[Available records — start]
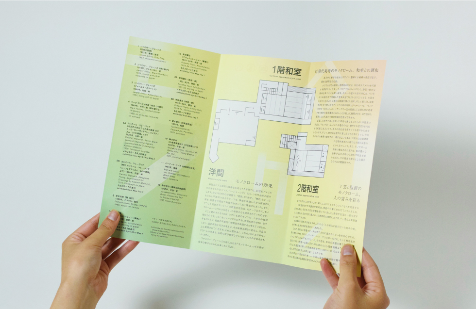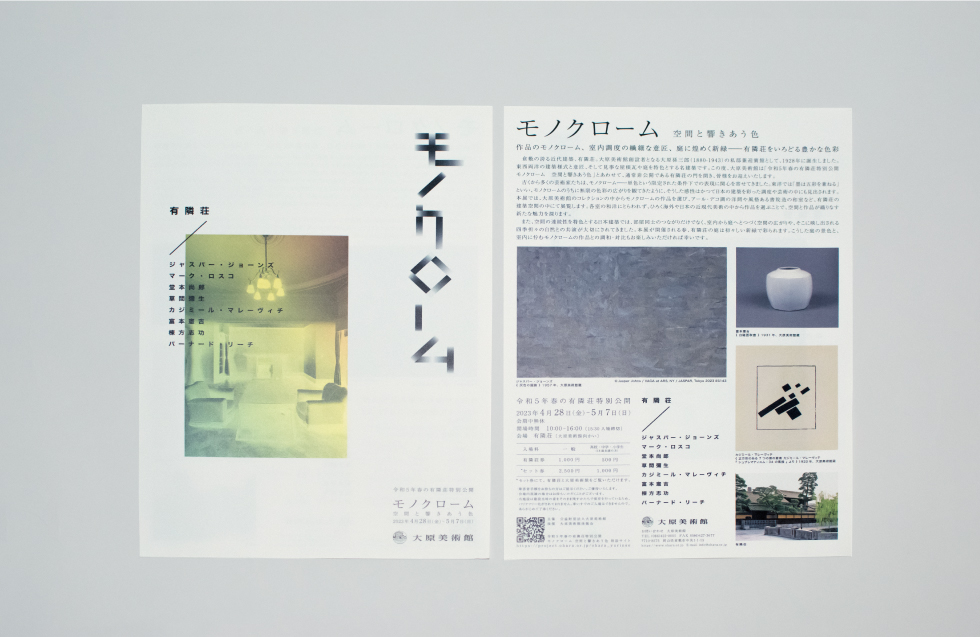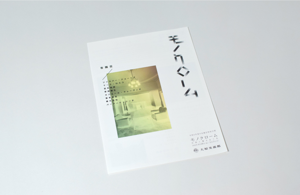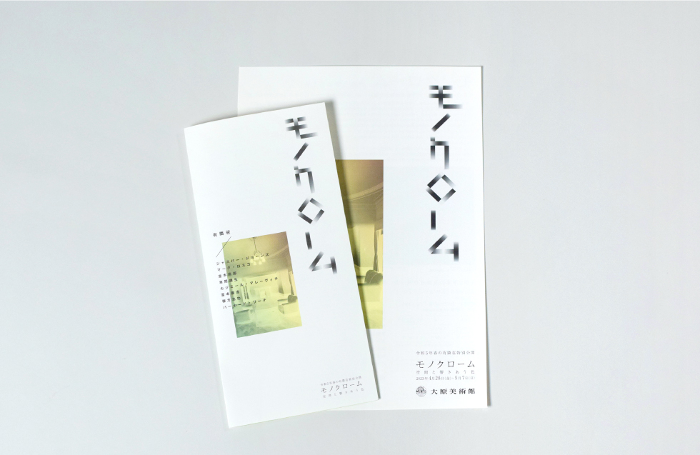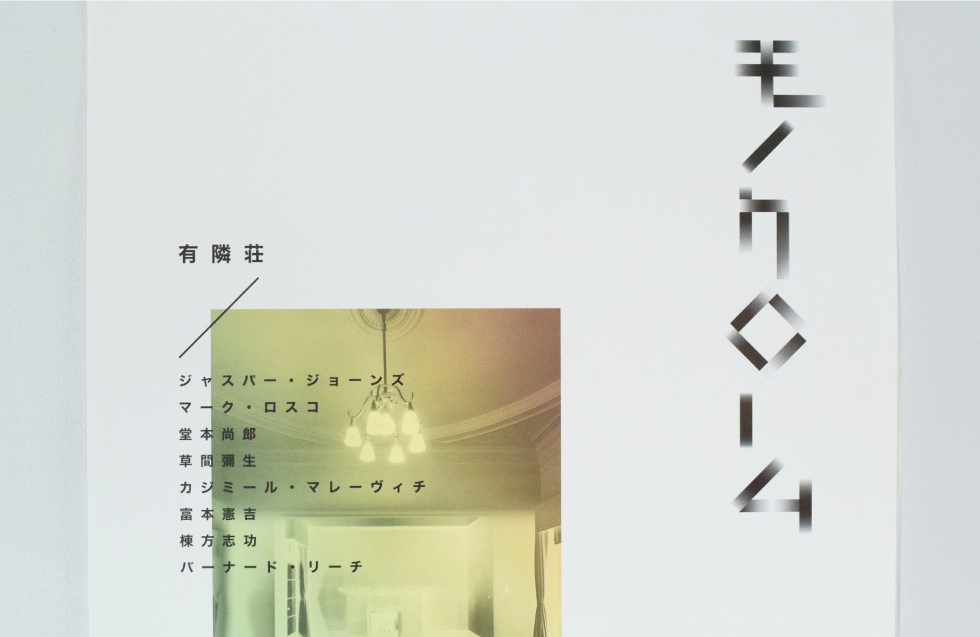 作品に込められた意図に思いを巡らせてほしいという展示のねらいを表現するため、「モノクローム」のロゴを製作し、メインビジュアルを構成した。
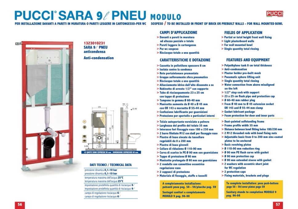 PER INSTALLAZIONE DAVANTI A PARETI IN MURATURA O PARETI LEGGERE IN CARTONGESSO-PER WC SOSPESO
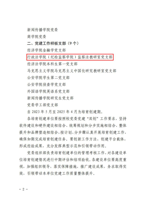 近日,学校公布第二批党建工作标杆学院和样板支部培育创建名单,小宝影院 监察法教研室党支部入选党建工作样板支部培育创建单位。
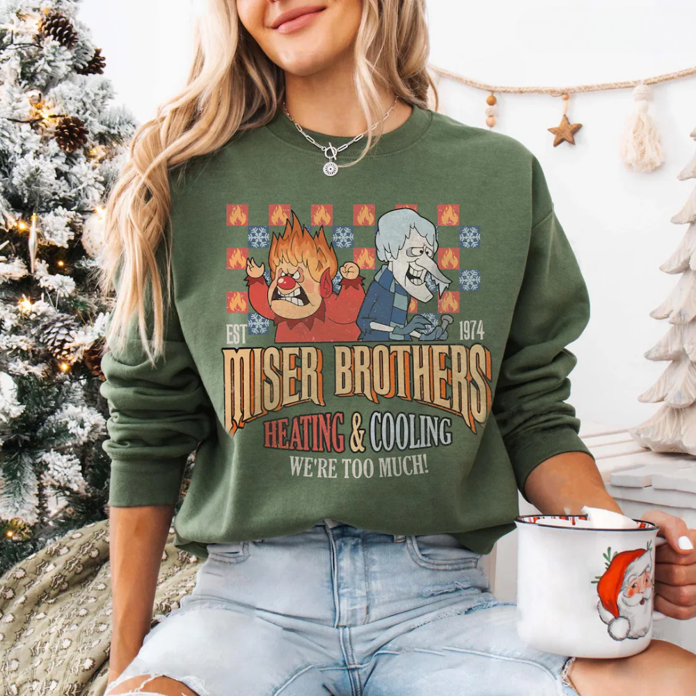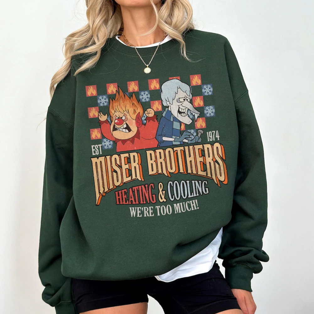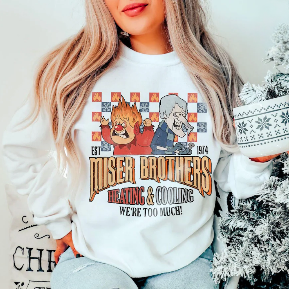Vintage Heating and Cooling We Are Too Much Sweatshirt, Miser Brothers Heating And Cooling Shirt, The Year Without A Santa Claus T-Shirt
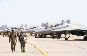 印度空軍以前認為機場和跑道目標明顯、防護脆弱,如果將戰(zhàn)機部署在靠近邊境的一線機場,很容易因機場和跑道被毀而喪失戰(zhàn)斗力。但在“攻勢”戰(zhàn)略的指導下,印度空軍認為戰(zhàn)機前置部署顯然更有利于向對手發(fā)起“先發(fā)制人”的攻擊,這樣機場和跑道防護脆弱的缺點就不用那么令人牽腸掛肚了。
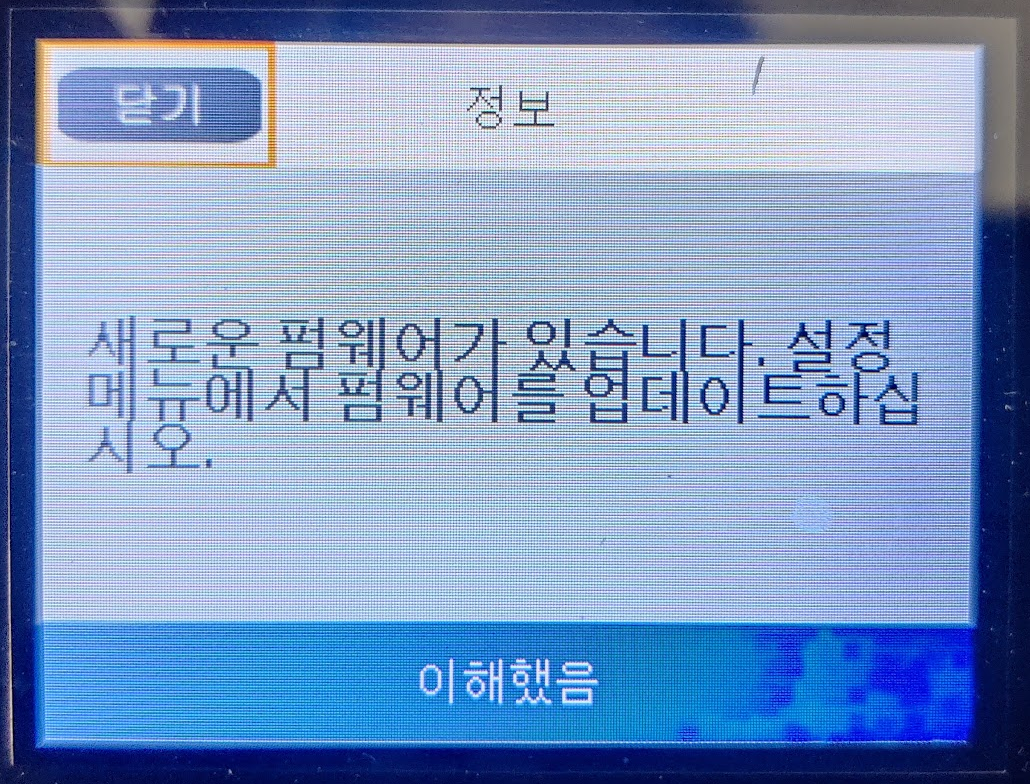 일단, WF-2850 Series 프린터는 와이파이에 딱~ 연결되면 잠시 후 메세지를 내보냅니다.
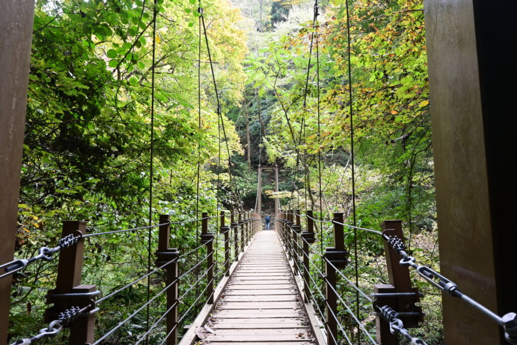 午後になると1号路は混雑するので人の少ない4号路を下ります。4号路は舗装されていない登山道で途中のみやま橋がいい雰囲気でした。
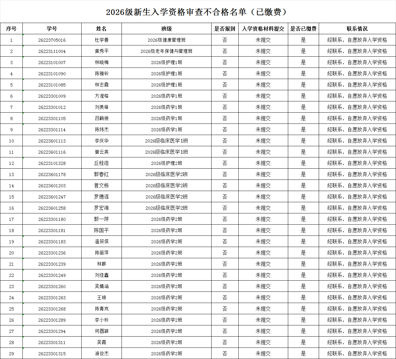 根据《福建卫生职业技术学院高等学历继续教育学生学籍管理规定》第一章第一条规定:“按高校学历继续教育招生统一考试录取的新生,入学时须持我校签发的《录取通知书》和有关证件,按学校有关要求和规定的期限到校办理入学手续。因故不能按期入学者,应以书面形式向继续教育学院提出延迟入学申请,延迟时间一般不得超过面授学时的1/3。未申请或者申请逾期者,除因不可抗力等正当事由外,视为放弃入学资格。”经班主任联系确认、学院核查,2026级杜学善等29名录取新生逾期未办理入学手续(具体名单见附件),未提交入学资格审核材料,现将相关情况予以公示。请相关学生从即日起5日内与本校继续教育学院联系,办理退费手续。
[Available records — finish]
» **Problem description**
Using the data above, copy exactly the lines from the one containing "近日,学校公布第二批党建工作" to the one containing "Vintage Heating and", inclusive. Exclude the pictures.

» **Response to the task**
 近日,学校公布第二批党建工作标杆学院和样板支部培育创建名单,小宝影院 监察法教研室党支部入选党建工作样板支部培育创建单位。
Vintage Heating and Cooling We Are Too Much Sweatshirt, Miser Brothers Heating And Cooling Shirt, The Year Without A Santa Claus T-Shirt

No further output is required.